* _WHAT TO DO_:
Find and copy every line in the records that includes the string "Hafid".

* _AVAILABLE DATA_:
——
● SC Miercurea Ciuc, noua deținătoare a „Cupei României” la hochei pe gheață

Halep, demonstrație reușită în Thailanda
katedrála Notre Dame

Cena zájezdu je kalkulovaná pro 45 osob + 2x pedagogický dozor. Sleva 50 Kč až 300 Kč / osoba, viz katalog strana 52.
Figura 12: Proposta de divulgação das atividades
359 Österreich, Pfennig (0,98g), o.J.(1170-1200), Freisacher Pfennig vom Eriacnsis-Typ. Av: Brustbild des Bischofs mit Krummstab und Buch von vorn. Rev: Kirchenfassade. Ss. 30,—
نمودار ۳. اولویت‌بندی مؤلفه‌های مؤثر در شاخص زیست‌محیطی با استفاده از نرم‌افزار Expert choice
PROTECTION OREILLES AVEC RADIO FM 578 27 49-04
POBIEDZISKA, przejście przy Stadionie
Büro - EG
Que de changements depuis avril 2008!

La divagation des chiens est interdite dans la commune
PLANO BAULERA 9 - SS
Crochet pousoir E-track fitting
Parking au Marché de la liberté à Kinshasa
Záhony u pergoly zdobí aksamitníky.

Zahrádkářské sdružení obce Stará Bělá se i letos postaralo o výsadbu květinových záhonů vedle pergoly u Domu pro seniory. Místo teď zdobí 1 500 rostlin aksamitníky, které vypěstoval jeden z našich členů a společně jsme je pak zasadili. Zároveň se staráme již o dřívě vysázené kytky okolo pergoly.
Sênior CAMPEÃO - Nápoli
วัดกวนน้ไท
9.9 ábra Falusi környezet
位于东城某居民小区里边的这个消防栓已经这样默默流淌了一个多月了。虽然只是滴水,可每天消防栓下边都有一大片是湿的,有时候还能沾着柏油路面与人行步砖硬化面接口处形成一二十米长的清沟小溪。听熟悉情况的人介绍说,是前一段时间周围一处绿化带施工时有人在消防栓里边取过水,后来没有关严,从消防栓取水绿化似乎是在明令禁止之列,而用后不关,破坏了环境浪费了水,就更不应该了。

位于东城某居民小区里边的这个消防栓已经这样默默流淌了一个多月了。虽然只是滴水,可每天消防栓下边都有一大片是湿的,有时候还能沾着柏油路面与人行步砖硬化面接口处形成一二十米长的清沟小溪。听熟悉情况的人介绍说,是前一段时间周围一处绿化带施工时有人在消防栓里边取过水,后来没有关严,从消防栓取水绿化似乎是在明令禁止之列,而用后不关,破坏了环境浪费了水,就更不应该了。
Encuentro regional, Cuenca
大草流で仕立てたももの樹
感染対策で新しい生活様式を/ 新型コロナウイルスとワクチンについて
——
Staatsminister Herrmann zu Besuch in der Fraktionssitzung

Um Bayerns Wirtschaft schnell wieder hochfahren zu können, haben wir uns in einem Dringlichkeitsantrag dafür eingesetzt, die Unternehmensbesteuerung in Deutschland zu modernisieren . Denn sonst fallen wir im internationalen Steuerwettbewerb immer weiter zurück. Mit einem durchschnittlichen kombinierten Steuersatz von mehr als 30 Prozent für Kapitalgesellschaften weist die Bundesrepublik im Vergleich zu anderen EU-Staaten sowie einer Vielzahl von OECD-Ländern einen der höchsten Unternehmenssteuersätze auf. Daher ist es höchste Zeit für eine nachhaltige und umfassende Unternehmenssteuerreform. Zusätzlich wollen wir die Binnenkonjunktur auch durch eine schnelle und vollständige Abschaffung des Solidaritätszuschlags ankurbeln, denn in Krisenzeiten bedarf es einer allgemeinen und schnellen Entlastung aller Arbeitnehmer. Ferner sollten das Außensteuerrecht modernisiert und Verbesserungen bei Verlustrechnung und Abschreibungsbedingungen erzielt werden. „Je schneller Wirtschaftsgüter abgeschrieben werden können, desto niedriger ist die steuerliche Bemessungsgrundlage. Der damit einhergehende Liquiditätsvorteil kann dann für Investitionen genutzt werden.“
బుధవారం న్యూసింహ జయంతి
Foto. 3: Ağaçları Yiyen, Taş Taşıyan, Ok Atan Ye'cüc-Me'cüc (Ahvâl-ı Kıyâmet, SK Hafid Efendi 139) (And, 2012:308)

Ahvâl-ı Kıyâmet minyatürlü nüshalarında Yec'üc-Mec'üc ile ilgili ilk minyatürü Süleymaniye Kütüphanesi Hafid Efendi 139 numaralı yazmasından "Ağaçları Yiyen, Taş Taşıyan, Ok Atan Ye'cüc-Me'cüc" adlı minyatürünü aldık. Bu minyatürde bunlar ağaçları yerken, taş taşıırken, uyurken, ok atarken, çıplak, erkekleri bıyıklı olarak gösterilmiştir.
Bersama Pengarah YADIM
——
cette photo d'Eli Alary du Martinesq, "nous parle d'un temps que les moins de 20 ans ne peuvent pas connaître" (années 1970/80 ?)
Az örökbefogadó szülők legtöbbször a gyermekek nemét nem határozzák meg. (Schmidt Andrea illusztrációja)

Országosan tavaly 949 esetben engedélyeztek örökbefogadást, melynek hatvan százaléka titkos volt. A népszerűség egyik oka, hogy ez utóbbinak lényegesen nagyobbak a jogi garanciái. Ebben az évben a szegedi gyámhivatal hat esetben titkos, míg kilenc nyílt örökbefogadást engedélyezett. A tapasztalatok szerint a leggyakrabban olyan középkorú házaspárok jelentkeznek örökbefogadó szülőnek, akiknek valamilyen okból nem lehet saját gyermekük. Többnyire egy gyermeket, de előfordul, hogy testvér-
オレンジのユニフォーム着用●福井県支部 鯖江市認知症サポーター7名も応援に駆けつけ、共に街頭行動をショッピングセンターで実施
——
* _ANSWER TO THIS EXERCISE_:
Foto. 3: Ağaçları Yiyen, Taş Taşıyan, Ok Atan Ye'cüc-Me'cüc (Ahvâl-ı Kıyâmet, SK Hafid Efendi 139) (And, 2012:308)
Ahvâl-ı Kıyâmet minyatürlü nüshalarında Yec'üc-Mec'üc ile ilgili ilk minyatürü Süleymaniye Kütüphanesi Hafid Efendi 139 numaralı yazmasından "Ağaçları Yiyen, Taş Taşıyan, Ok Atan Ye'cüc-Me'cüc" adlı minyatürünü aldık. Bu minyatürde bunlar ağaçları yerken, taş taşıırken, uyurken, ok atarken, çıplak, erkekleri bıyıklı olarak gösterilmiştir.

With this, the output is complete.